Thank you for your reply, I have another question under such circumstances.

I usually run "vgck" to check weather vg is good, but sometimes it
seems it stuck, and leave a VGLK on sanlock. (I'm sure io error will
cause it, but sometimes not because io error)
Then i'll try use sanlock client release -r xxx to release it, but it
also sometimes not work.(be stuck)
Then I may lvmlockctl -r to drop vg lockspace, but it still may stuck,
and I'm io is ok when it stuck

This usually happens on multipath storage, I consider multipath will
queue some io is blamed, but not sure.

Any idea?

Thanks for your reply again

Damon
On Wed, Sep 26, 2018 at 12:44 AM David Teigland <teigland@redhat.com> wrote:
>
> On Tue, Sep 25, 2018 at 06:18:53PM +0800, Damon Wang wrote:
> > Hi,
> >
> >   AFAIK once sanlock can not access lease storage, it will run
> > "kill_vg" to lvmlockd, and the standard process should be deactivate
> > logical volumes and drop vg locks.
> >
> >   But sometimes the storage will recovery after kill_vg(and before we
> > deactivate or drop lock), and then it will prints "storage failed for
> > sanlock leases" on lvm commands like this:
> >
> > [root@dev1-2 ~]# vgck 71b1110c97bd48aaa25366e2dc11f65f
> >   WARNING: Not using lvmetad because config setting use_lvmetad=0.
> >   WARNING: To avoid corruption, rescan devices to make changes visible
> > (pvscan --cache).
> >   VG 71b1110c97bd48aaa25366e2dc11f65f lock skipped: storage failed for
> > sanlock leases
> >   Reading VG 71b1110c97bd48aaa25366e2dc11f65f without a lock.
> >
> >   so what should I do to recovery this, (better) without affect
> > volumes in using?
> >
> >   I find a way but it seems very tricky: save "lvmlockctl -i" output,
> > run lvmlockctl -r vg and then activate volumes as the previous output.
> >
> >   Do we have an "official" way to handle this?

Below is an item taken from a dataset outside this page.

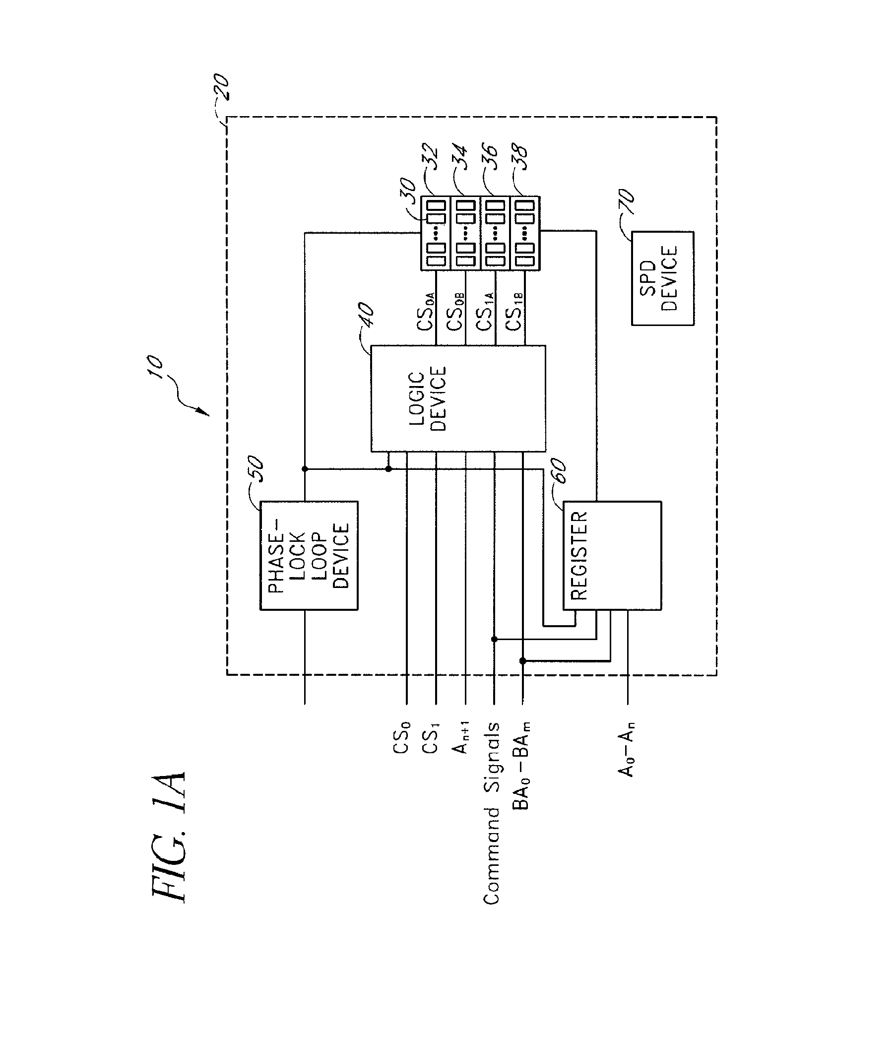 In certain embodiments, the SPD device 70 comprises data which characterize the memory module 10 as having fewer ranks of memory devices than the memory module 10 actually has, with each of these ranks having more memory density. For example, for a memory module 10 compatible with certain embodiments described herein having two ranks of memory devices 30, the SPD device 70 comprises data which characterizes the memory module 10 as having one rank of memory devices with twice the memory density per rank. Similarly, for a memory module 10 compatible with certain embodiments described herein having four ranks of memory devices 30, the SPD device 70 comprises data which characterizes the memory module 10 as having two ranks of memory devices with twice the memory density per rank. In addition, in certain embodiments, the SPD device 70 comprises data which characterize the memory module 10 as having fewer memory devices than the memory module 10 actually has, with each of these memory devices having more memory density per memory device. For example, for a memory module 10 compatible with certain embodiments described herein, the SPD device 70 comprises data which characterizes the memory module 10 as having one-half the number of memory devices that the memory module 10 actually has, with each of these memory devices having twice the memory density per memory device. In certain such embodiments, the SPD device 70 of the memory module 10 is programmed to describe the combined pair of lower-density memory devices 31, 33 as one virtual or pseudo-higher-density memory device. In an exemplary embodiment, two 512-Mb memory devices, each with a 128M×4-bit configuration, are used to simulate one 1-Gb memory device having a 128M×8-bit configuration. The SPD device 70 of the memory module 10 is programmed to describe the pair of 512-Mb memory devices as one virtual or pseudo-1-Gb memory device. For example, to fabricate a 1-GB (128M×8-byte) memory module, sixteen 512-Mb (128M×4-bit) memory devices can be used. The sixteen 512-Mb (128M×4-bit) memory devices are combined in eight pairs, with each pair serving as a virtual or pseudo-1-Gb (128M×8-bit) memory device. In certain such embodiments, the SPD device 70 contains the following SPD data (in appropriate bit fields of these bytes):

Since it is pretty
> > common that when I find lvmlockd failed, the storage has already
> > recovered.
>
> Hi, to figure out that workaround, you've probably already read the
> section of the lvmlockd man page: "sanlock lease storage failure", which
> gives some background about what's happening and why.  What the man page
> is missing is some help about false failure detections like you're seeing.
>
> It sounds like io delays from your storage are a little longer than
> sanlock is allowing for.  With the default 10 sec io timeout, sanlock will
> initiate recovery (kill_vg in lvmlockd) after 80 seconds of no successful
> io from the storage.  After this, it decides the storage has failed.  If
> it's not failed, just slow, then the proper way to handle that is to
> increase the timeouts.  (Or perhaps try to configure the storage to avoid
> such lengthy delays.)  Once a failure is detected and recovery is begun,
> there's not an official way to back out of it.
>
> You can increase the sanlock io timeout with lvmlockd -o <seconds>.
> sanlock multiplies that by 8 to get the total length of time before
> starting recovery.  I'd look at how long your temporary storage outages
> last and set io_timeout so that 8*io_timeout will cover it.
>
> Dave